*** Opening Material provided ***
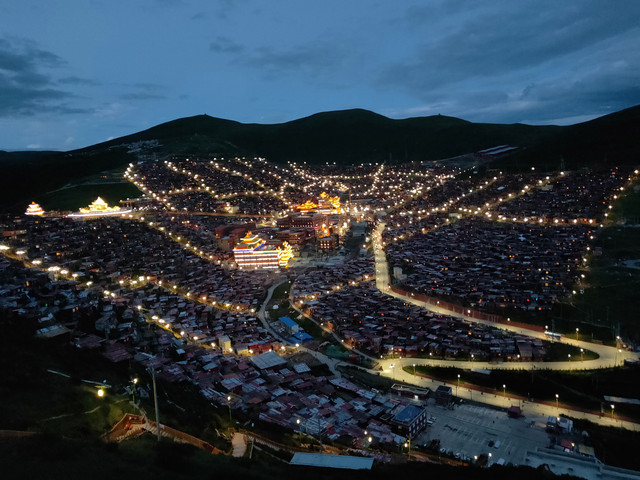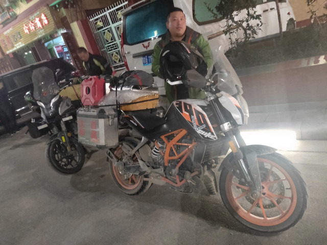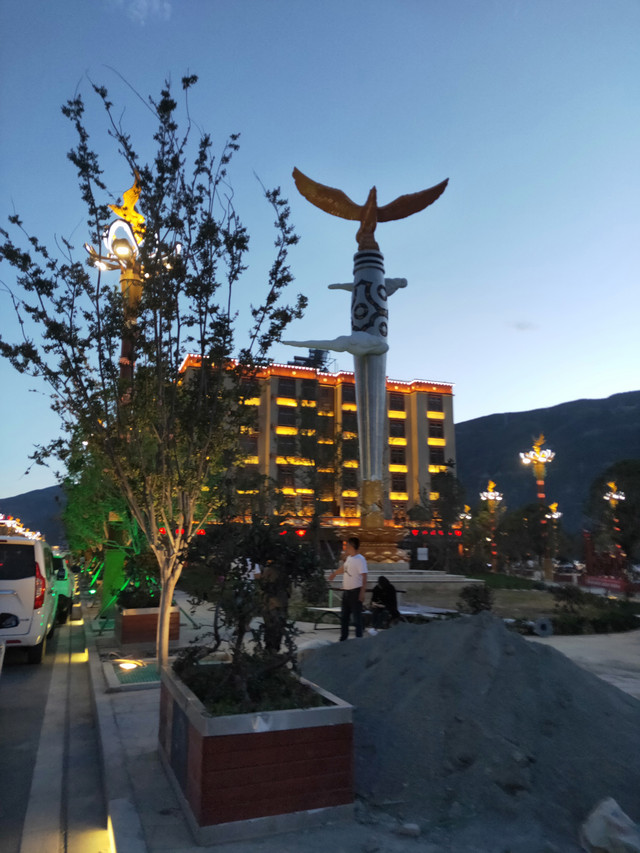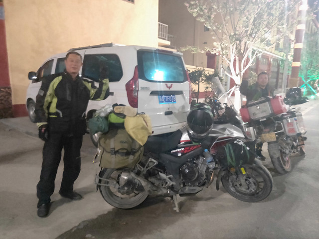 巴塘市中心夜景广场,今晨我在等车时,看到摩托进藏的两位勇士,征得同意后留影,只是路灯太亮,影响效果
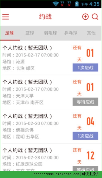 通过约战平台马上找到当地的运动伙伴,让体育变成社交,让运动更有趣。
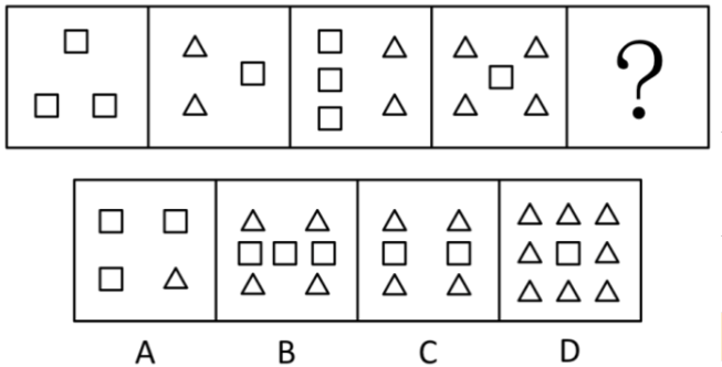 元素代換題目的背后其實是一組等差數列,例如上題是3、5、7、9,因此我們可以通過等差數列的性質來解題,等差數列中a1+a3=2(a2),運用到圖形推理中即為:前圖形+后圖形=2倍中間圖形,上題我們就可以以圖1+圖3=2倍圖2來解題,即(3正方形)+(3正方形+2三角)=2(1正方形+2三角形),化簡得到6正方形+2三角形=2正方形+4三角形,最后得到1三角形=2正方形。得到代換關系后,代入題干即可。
*** Closing Material provided ***
Exercise requirements
Pictures are to be omitted. The lines from the line holding "通过约战平台马上找到当地的运动伙伴,让体育变成社交,让运动更有趣。" through the closing line of the data above are to be set down exactly, and nothing more.

Answer to this problem
 通过约战平台马上找到当地的运动伙伴,让体育变成社交,让运动更有趣。
 元素代換題目的背后其實是一組等差數列,例如上題是3、5、7、9,因此我們可以通過等差數列的性質來解題,等差數列中a1+a3=2(a2),運用到圖形推理中即為:前圖形+后圖形=2倍中間圖形,上題我們就可以以圖1+圖3=2倍圖2來解題,即(3正方形)+(3正方形+2三角)=2(1正方形+2三角形),化簡得到6正方形+2三角形=2正方形+4三角形,最后得到1三角形=2正方形。得到代換關系后,代入題干即可。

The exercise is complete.